Children’s EVS books now contain pages and pages around the significance of sustainable practices because the environmental graph seems to be trickling down threatening the existence of our species.
Why? Because 7 billion (and counting) humans are gradually tearing through the limited resources found on mother Earth.
The need to switch to sustainable living is growing stronger by the day and world leaders and scientists are tapping into solutions that will add some more hundreds or thousands of years to our planet. This concept of “reduce, reuse, and recycle” is actually new in theory only recently, while has been practiced by mankind (in small settlements like villages, towns) for years to keep a balance between nature and needs.
I saw this fascinating documentary on Mega-Kitchens in India produced by National Geographic that showcases how religious institutes combine local resources to run their kitchens that feed thousands and thousands of devotees each day. For example, a small temple town of Dharmasthala in Karnataka, temple Manjunatheshwara, has close to 50,000 pilgrims every day that rely on the temple’s kitchen to be fed during their visit to the idol.

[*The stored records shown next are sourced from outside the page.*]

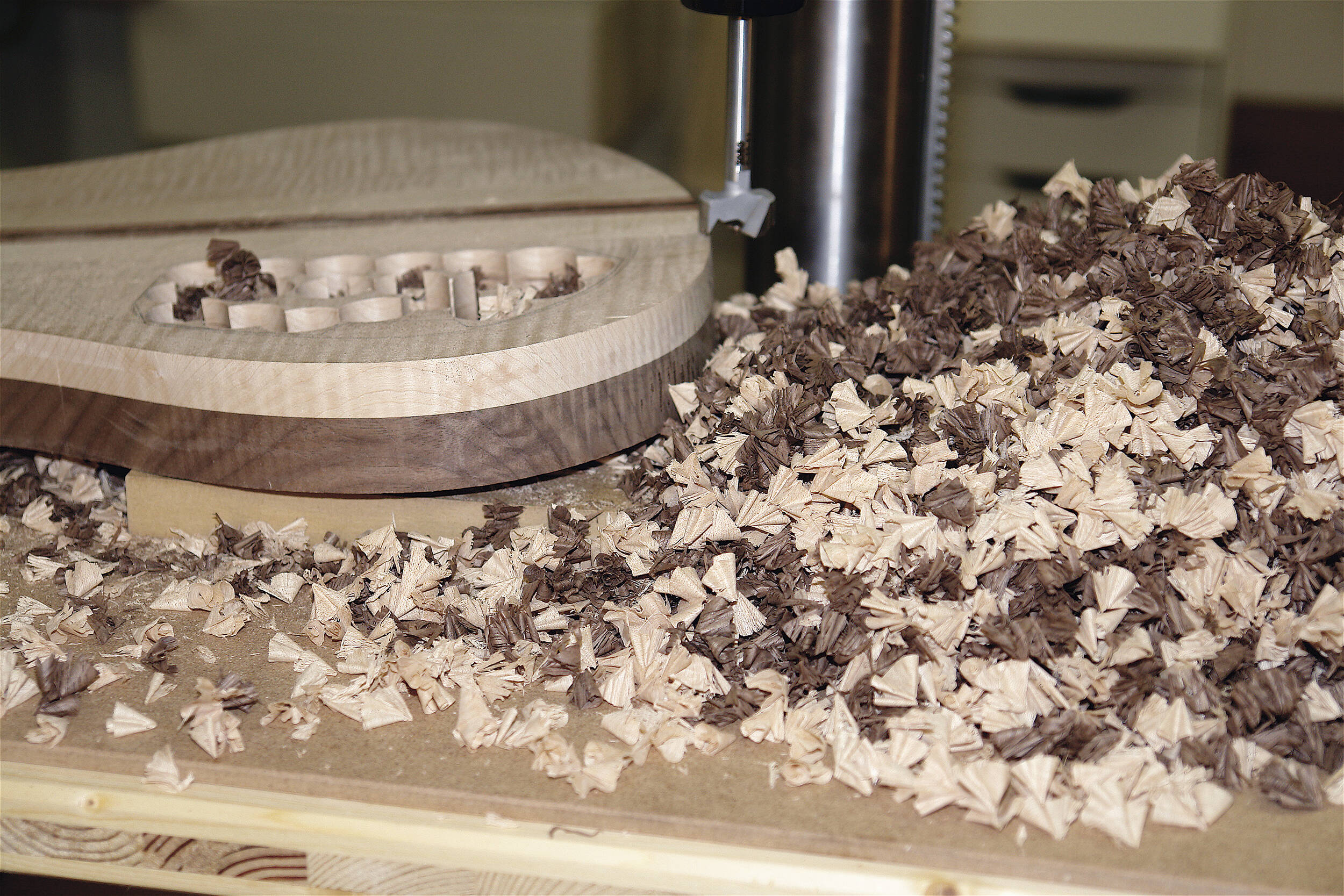 Das Elektronikfach wird vorgebohrt, damit das Ausfräsen einfacher wird. Holzarten: Ahorn, Nussbaum.
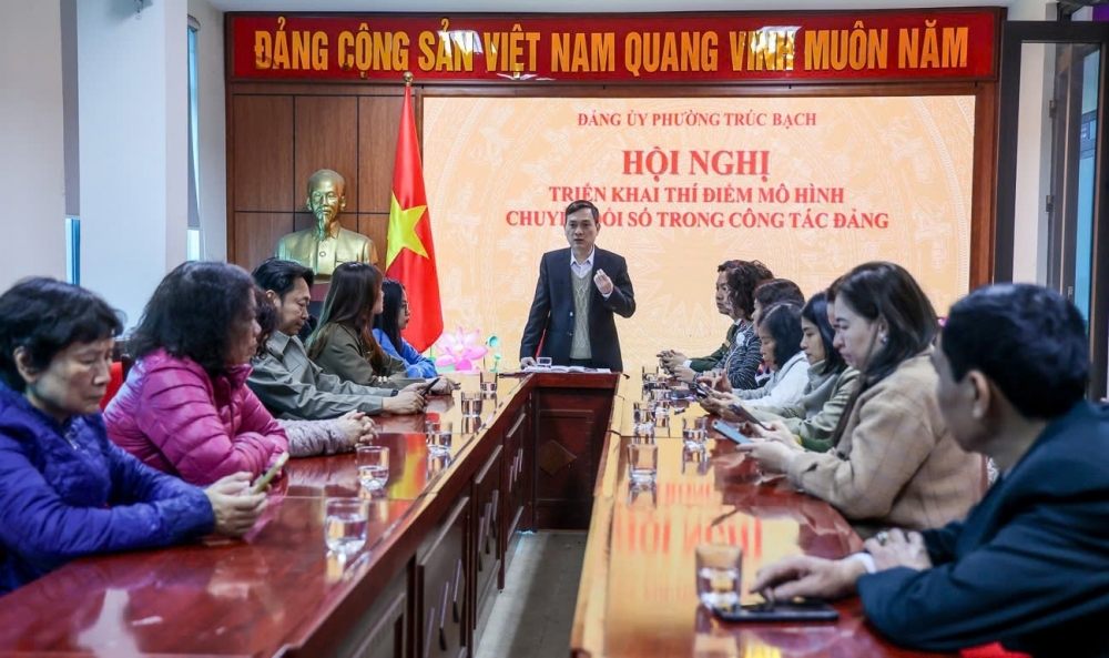 Đảng bộ phường Trúc Bạch (quận Ba Đình) triển khai thí điểm mô hình mới về chuyển đổi số trong công tác Đảng. Ảnh: HNM |
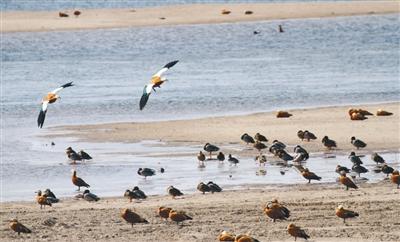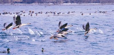浑河东段橡胶坝上,大雁伸展长颈、扇动羽翼,将身影印上蓝天;成群的野鸭如泼墨般点缀于波光粼粼的水面。
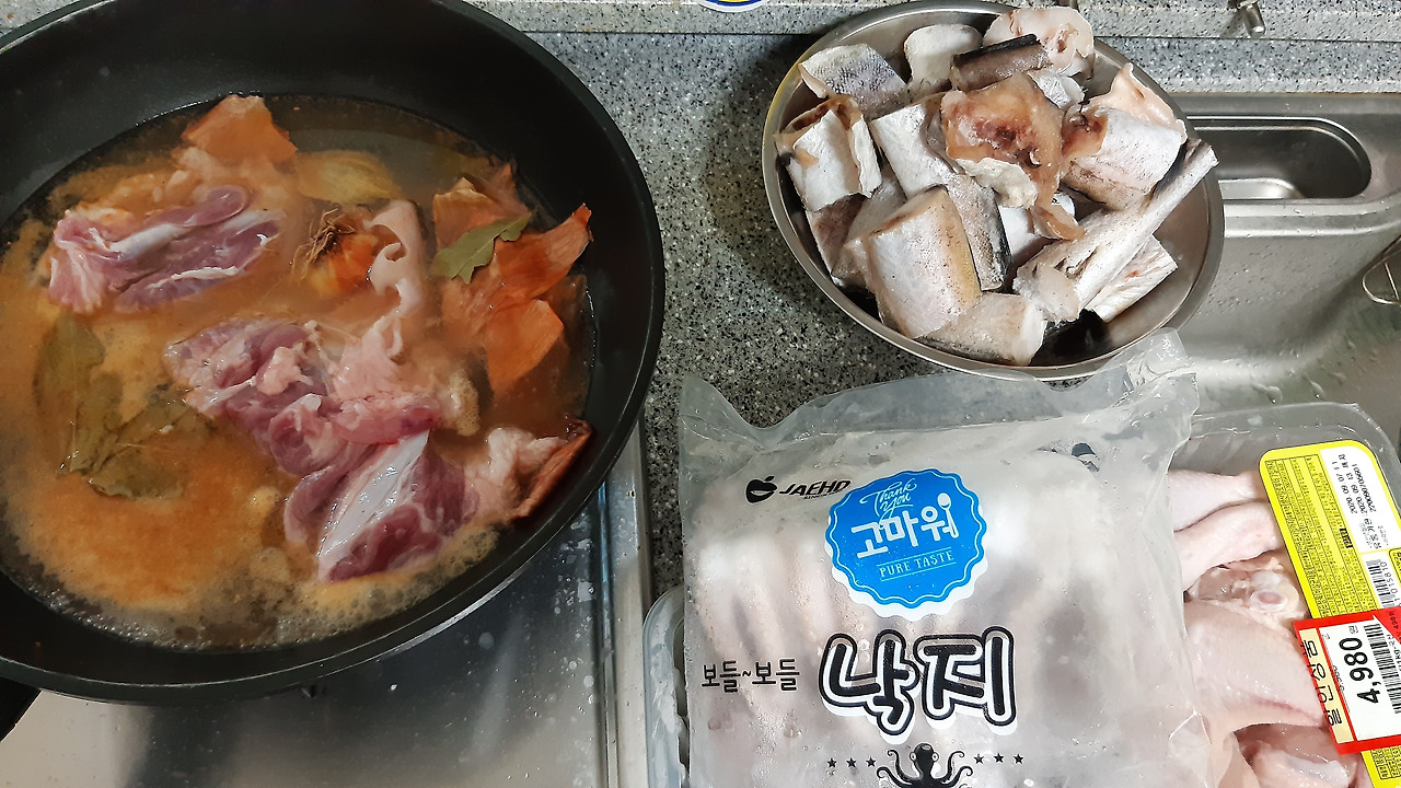 어제 밤 열무물김치를 두 통 담궜다. 어제와 오늘 오전에 장을 봐왔으니 조금 있다가 저녁준비하면서 폭풍 반찬 만들기에 돌입할 참이다. 점심 준비하면서 수육삶기. 한번 먹을 만큼 소포장 해두면 렌지에 데워먹는 정도는 남편이 할 줄 안다.
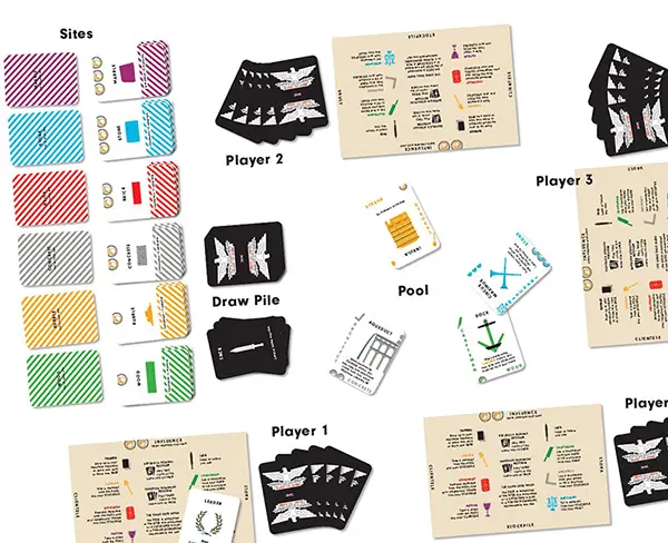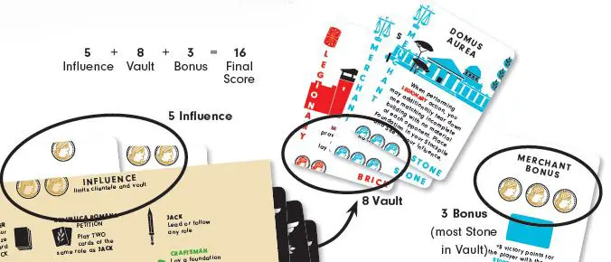During the game you hire Clients and gather Materials to help rebuild Rome (or your personal fortune). Your Camp card organizes your Clients and Materials, and also tracks your growing Influence.
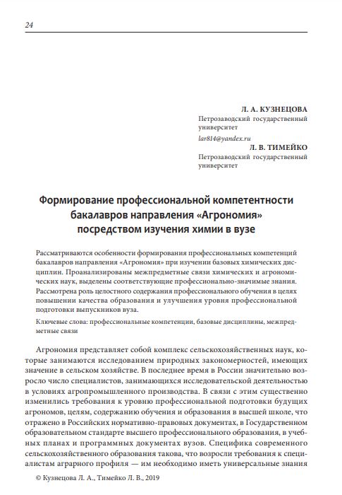 Формирование профессиональной компетентности бакалавров направления «Агрономия» посредством изучения химии в вузеЧаженгина Елена Алексеевна, Ханина Елена Яковлевна
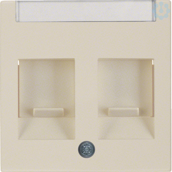 Zentralstück mit Staubschutzschiebern und Beschriftungsfeld S.1 weiß, glänzend. Zentralstück mit Staubschutzschiebern und Beschriftungsfeld, 2-fach. Für Tragplatten mit farbigen Aufnahmen. Unterputz-Installation, Standardprogramm. Material: Kunststoff, Thermoplast, bruchsicher, halogenfrei.
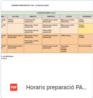Publicat 06/06/2020 a 313 &vegades; 328 en Horaris preparació PAU.
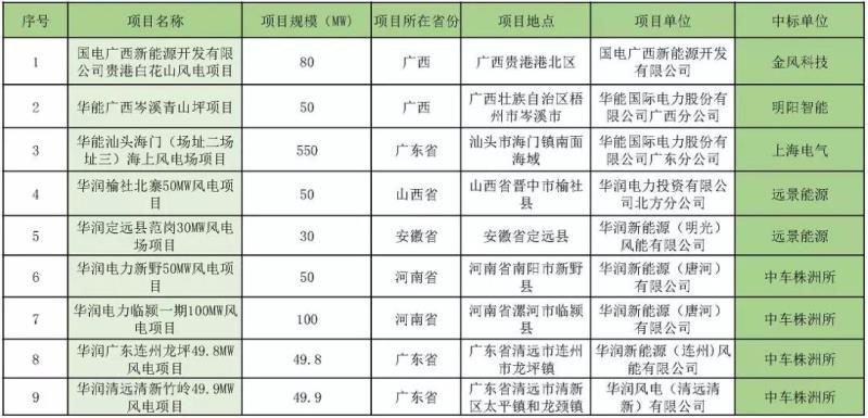 中國(guó)儲(chǔ)能網(wǎng)訊:近日,國(guó)電貴港白花山風(fēng)電項(xiàng)目、華能廣西岑溪青山坪項(xiàng)目、華能汕頭海門(場(chǎng)址二、場(chǎng)址三)海上風(fēng)電場(chǎng)項(xiàng)目等9個(gè)風(fēng)電項(xiàng)目開標(biāo),規(guī)模共計(jì)1009.7MW,中標(biāo)企業(yè)分別是:金風(fēng)科技(80MW)、遠(yuǎn)景能源(80MW)、明陽(yáng)智能(50MW)、上海電氣(550MW)、中車株洲所(249.7MW),中標(biāo)總價(jià)超58億元。
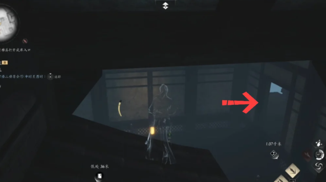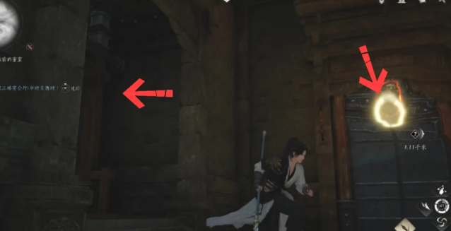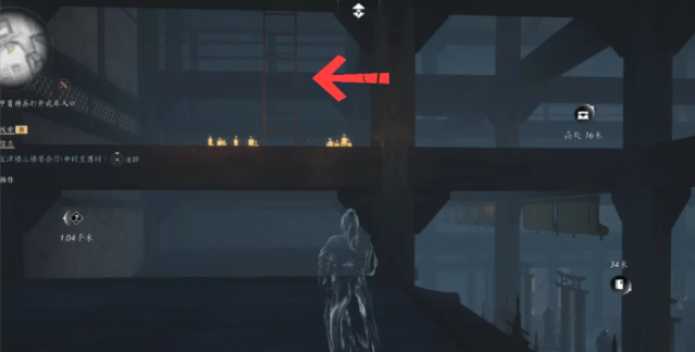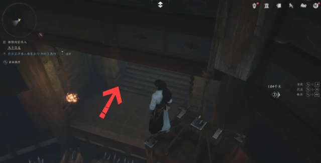 搜索完去另一个大门,这里要爬房梁,从右边上

Now you may wonder how does the idea of recycle and reuse come here? You’d be surprised to know the extent of its reach in this small temple town. The family that runs the proceedings of this holy place has acres and acres of farmland, which provides the temple’s kitchen with some of its ingredients. From vegetables to spices to rice to coconuts, all are products that are sourced from the farmlands that belong to the temple. The farmlands get organic fertilizer from the food waste that comes from the kitchen, which further increases the yield. Some big kitchens even have their own cattle shelter where cattle waste is used to produce biogas, which is used for cooking and electricity. This makes the whole system self-reliant, and self-dependent.
Breeding cattle, especially cows and buffalo, is a very common phenomenon in all the villages in India. The main purpose behind this breeding is the abundant milk production, which helps the owner make a living out of it. Not just that, but these cows and buffalos become the backbone of the household for not just financial stability, but also to provide luxuries like electricity and cooking gas.
In New York, before automobiles hit the streets, horse carriages were the most popular mode of transportation in the city. In the year 1907, the horse population grew to 12,500 leading to 133 tons of manure in a day!
Can you imagine what that amount of manure could be used for?
Not just as a fertilizer but also to produce biogas. It releases an abundant amount of methane that can be utilized for cooking and electricity…and this is exactly what the villagers do.
Breeding cows and buffalos leave them with enough manure to run their household smoothly. Also, some of them have even mastered the art of converting cow’s urine into a useful pesticide that keeps their crops from dying.
These are some life hacks that were known to man before we discovered machines, because this helped humans survive in nature. It was a balance of give and take, which led to the growth of human life, which now seems to dominate the environment. A reminder to get this equilibrium back is absolutely necessary today. Don’t think we’d want to piss off nature now, do we?